Blaze pigarreou, e falou:
-Creio que também seja pertinente eu dizer algo a vocês. Hoje sem dúvidas foi um dia que vocês todos dificilmente conseguirão esquecer, pois aquele que era considerado um mestre pra todos foi cruelmente morto. Mas é tempo de se reerguer. Não dependam de uma única pessoa exaltada como mestre. Vocês todos juntos são muito mais fortes e sábios do que qualquer mestre que possam eleger. Matsuru sem dúvidas é um bom regente, e tenho certeza de que será ainda mais se tiver ao seu lado um povo ativo e firme, que o ajude a tomar as decisões corretas.

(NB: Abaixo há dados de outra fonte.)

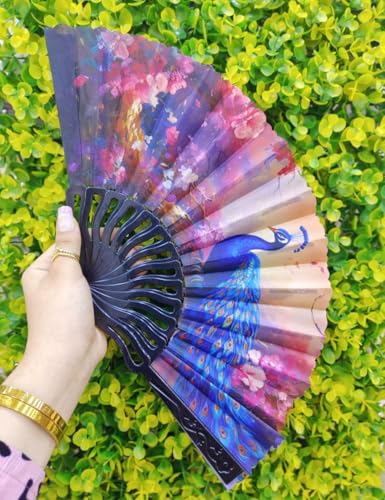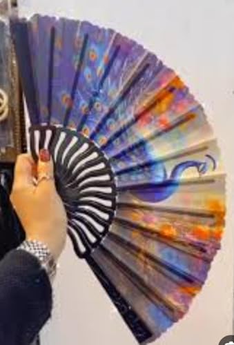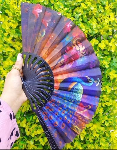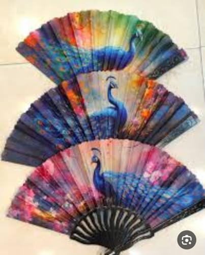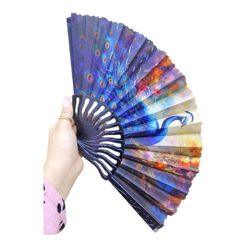 Generic - مروحة يدوية قابلة للطي من للنساء، على شكل طاووس صيني، ياباني، شرقي، آسيوي - لحفلات الزفاف، والرقص، والكنيسة، والحفلات، والهدايا (أزرق)
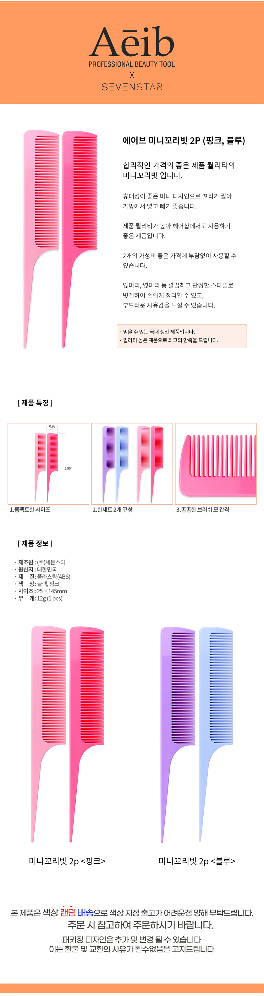 에이브 고급 미니 꼬리빗 2p(색상랜덤)

Dito isso, o caçador deu as costas para os pensativos moradores, e começou a caminhar pelo mesmo caminho que o levou até a vila outrora, sendo seguido por Koji e Razen, que ajeitavam seus chapéus na cabeça e caminhavam tranquilamente.
-Obrigado!! – Disseram todos os moradores em coro, ao ver o trio desaparecer no horizonte.